И все же нам приходится выбирать: раз время идет, Элизабет Бишоп нам перечитать или Эдриен Рич? Отправиться мне снова на поиски утраченного времени с Марселем Прустом — или попытаться еще раз перечитать волнующее обличение Элис Уокер всех мужчин, и черных, и белых? Мои бывшие студенты, многие из которых сейчас — звезды Школы ресентимента, провозглашают, что учат устранять из социальных отношений свое «я», для чего сперва нужно научиться устранять свое «я» из чтения. У автора нет «я», у литературного персонажа нет «я» и нет «я» у читателя. Должны ли мы собраться на берегу реки с этими щедрыми призраками, освобожденными от вины в былом самоутверждении, креститься ли в водах Леты? Что нам делать, чтобы спастись?
Исследование литературы, как им ни занимайся, не спасет ни одного отдельно взятого человека и не улучшит ни одно общество. Шекспир не сделает нас лучше и хуже тоже не сделает — но он может научить нас слышать себя, когда мы разговариваем с собою. Следовательно, он может научить нас принимать перемену — в себе и в других — и, возможно, даже итоговую форму перемены. Гамлет — это посол смерти в нашем мире, возможно, один из немногих направленных смертью послов, который не лжет нам о наших неизбежных отношениях с этим безвестным краем[42]. Отношения эти всецело обособлены, несмотря на все непотребные попытки традиции их обобществить.
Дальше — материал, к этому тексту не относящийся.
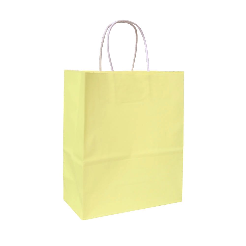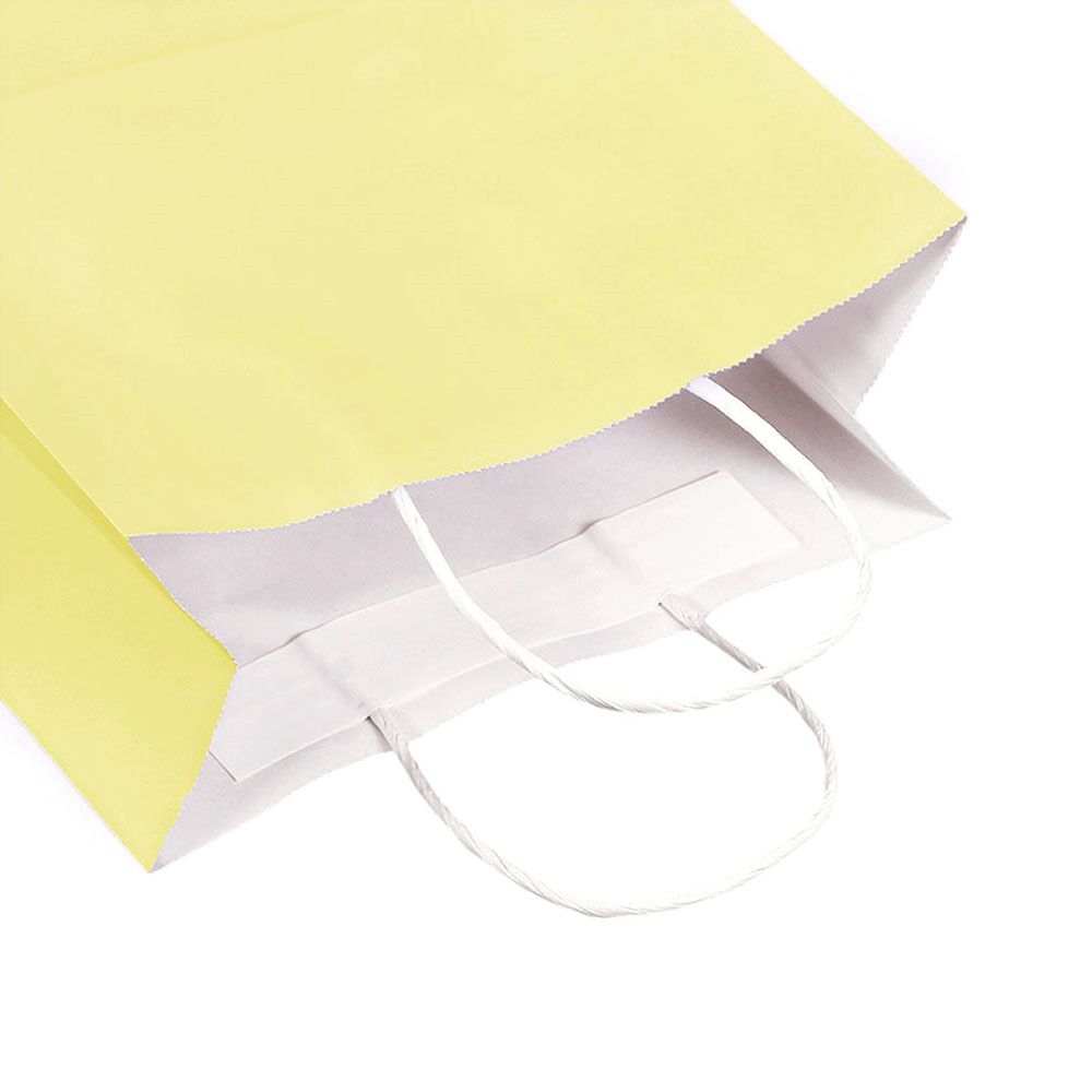 Подарочный пакет из крафтовой бумаги пастельного оттенка с белыми бумажными ручками и белой внутренней стороной.

Мой покойный друг Поль де Ман любил провести аналогию между обособленностью каждого литературного текста и каждой человеческой смерти; на эту аналогию я однажды возразил. Я предположил, что более ироническим тропом была бы параллель между человеческим рождением и появлением на свет стихотворения; эта аналогия объединила бы тексты так, как объединены дети: немотой, сомкнутой с былыми голосами, невозможностью говорить, сомкнутой с тем, что говорили — как говорили каждому из нас — мертвецы. Я не выиграл этого методологического спора, не сумел убедить его своей более пространной «человеческой» параллелью; он предпочел диалектическую властность иронии более хайдеггерианского толка. Единственное, что текст, скажем, трагедия «Гамлет», имеет общего со смертью, — это обособленность. Но, сообщаясь с нами, являет ли он властность смерти? Каков бы ни был ответ, я бы хотел отметить, что властность смерти — что в литературе, что в жизни — это не совсем социальная властность. Канон — отнюдь не слуга господствующего социального класса, он — служитель смерти. Чтобы «вскрыть» его, нужно убедить читателя в том, что в пространстве, заполоненном мертвецами, образовалось свободное местечко. Пусть мертвые поэты посторонятся, взывал Арто; но вот этого-то они никогда и не сделают.